PROBLEM DETAILS: Exactly as written, output each of the lines below, with no images.

RECORDED DATA:
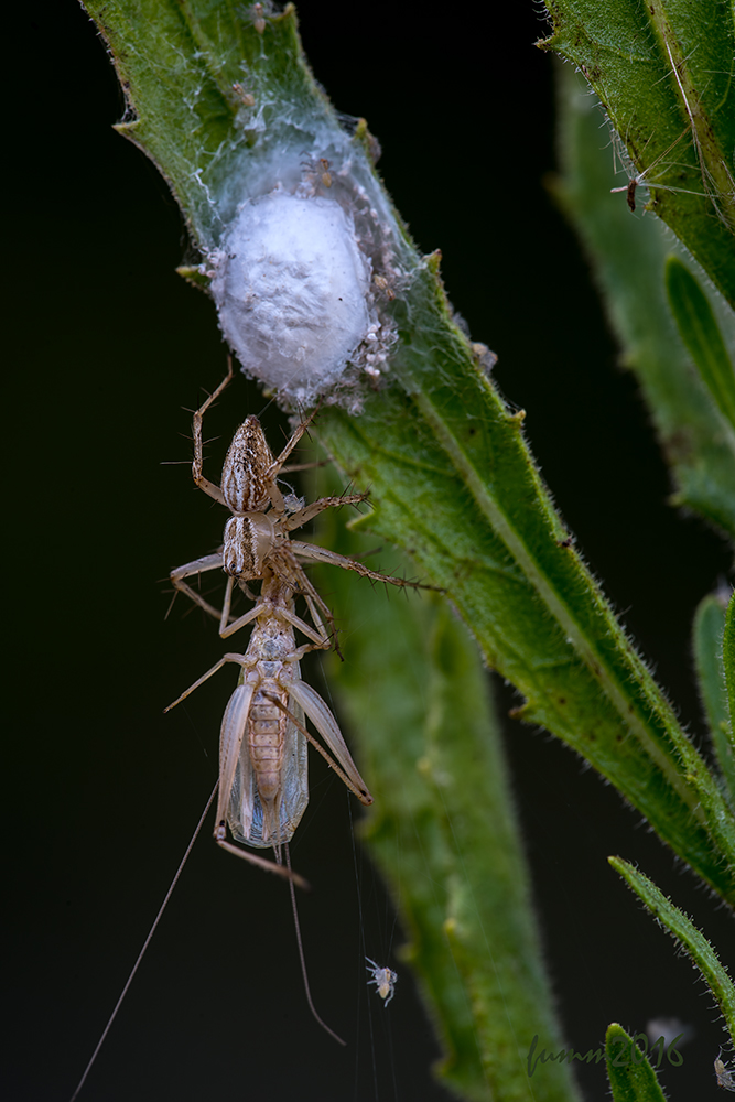 Отличный момент  ,один паучонок уже спускается дабы осмотреть добычу и найти самый лакомый кусочек.
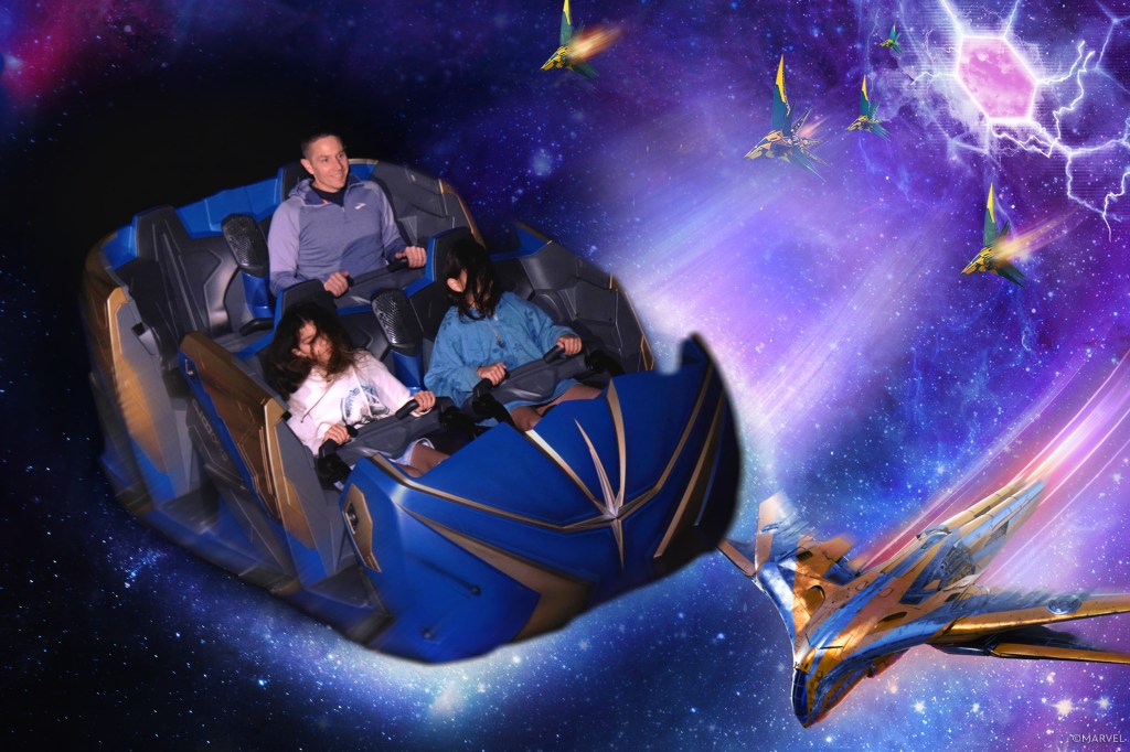 But we clearly made the right choice, as Guardians of the Galaxy: Cosmic Rewind did not disappoint. In fact, I think it was my favorite ride of the entire trip, narrowly beating out Hagrid’s Magical Creatures Motorbike Adventure (by the slimmest of margins); the girls said their favorite ride was either this, Hagrid’s, Rock ‘n’ Roller Coaster Starring Aerosmith, Tiana’s Bayou Adventure, or Space Mountain, so it certainly ranked up with the best. As we were in line, the girls and I debated on what we thought the ride was going to be about (story) and how it was going to go (ride). We threw out words like “backwards,” “time travel,” and “upside down,” but really had no idea what to expect. I would love to describe exactly why it is so awesome, but that would definitely be in spoiler territory, and I do not want to ruin it for you. In fact, we were speaking to a couple on the monorail who asked us if we had been on it before; since we had not, they refused to tell us, simply because they did not want to ruin our experience either. And we were so glad they did not, because it was epic. So get in the virtual queue for this ride, being cognizant of your potential callback time, because you will not be disappointed. Every single part of this attraction, including the queue (more / new Guardians of the Galaxy footage!), story, and ride, were awesome.
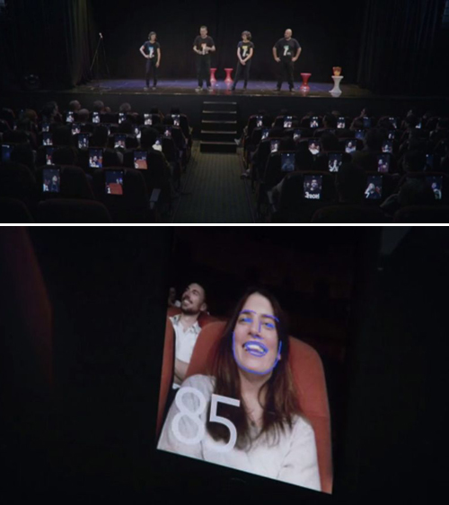 それが、顔認証技術を活用した観劇料の後払いシステムです。観客はタブレットが設置された座席に座って、芝居を見るだけ。システムがお客さんの表情を判別して、笑ったときに課金をします。つまり、観客は笑った分だけ観劇料を支払うというわけです。もちろん入場は無料。しかし、劇場の売上は大幅に上がったそうです。
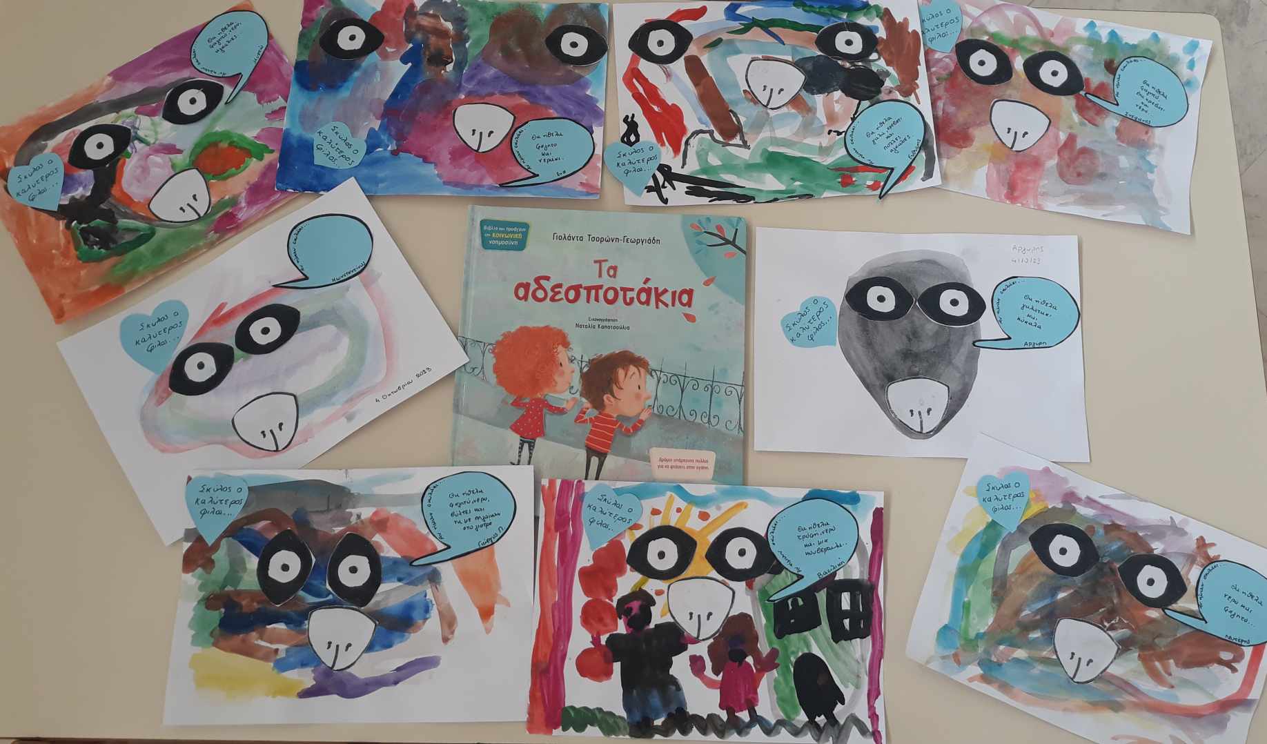 Με αφορμή το βιβλίο της Γιολάντας Τσορώνη-Γεωργιάδη, με τίτλο “Τα αδεσποτάκια”, τα παιδιά αποτύπωσαν εικαστικά τα συναισθήματα ενός αδέσποτου ζώου.

ANSWER SPACE:
 Отличный момент  ,один паучонок уже спускается дабы осмотреть добычу и найти самый лакомый кусочек.
 But we clearly made the right choice, as Guardians of the Galaxy: Cosmic Rewind did not disappoint. In fact, I think it was my favorite ride of the entire trip, narrowly beating out Hagrid’s Magical Creatures Motorbike Adventure (by the slimmest of margins); the girls said their favorite ride was either this, Hagrid’s, Rock ‘n’ Roller Coaster Starring Aerosmith, Tiana’s Bayou Adventure, or Space Mountain, so it certainly ranked up with the best. As we were in line, the girls and I debated on what we thought the ride was going to be about (story) and how it was going to go (ride). We threw out words like “backwards,” “time travel,” and “upside down,” but really had no idea what to expect. I would love to describe exactly why it is so awesome, but that would definitely be in spoiler territory, and I do not want to ruin it for you. In fact, we were speaking to a couple on the monorail who asked us if we had been on it before; since we had not, they refused to tell us, simply because they did not want to ruin our experience either. And we were so glad they did not, because it was epic. So get in the virtual queue for this ride, being cognizant of your potential callback time, because you will not be disappointed. Every single part of this attraction, including the queue (more / new Guardians of the Galaxy footage!), story, and ride, were awesome.
 それが、顔認証技術を活用した観劇料の後払いシステムです。観客はタブレットが設置された座席に座って、芝居を見るだけ。システムがお客さんの表情を判別して、笑ったときに課金をします。つまり、観客は笑った分だけ観劇料を支払うというわけです。もちろん入場は無料。しかし、劇場の売上は大幅に上がったそうです。
 Με αφορμή το βιβλίο της Γιολάντας Τσορώνη-Γεωργιάδη, με τίτλο “Τα αδεσποτάκια”, τα παιδιά αποτύπωσαν εικαστικά τα συναισθήματα ενός αδέσποτου ζώου.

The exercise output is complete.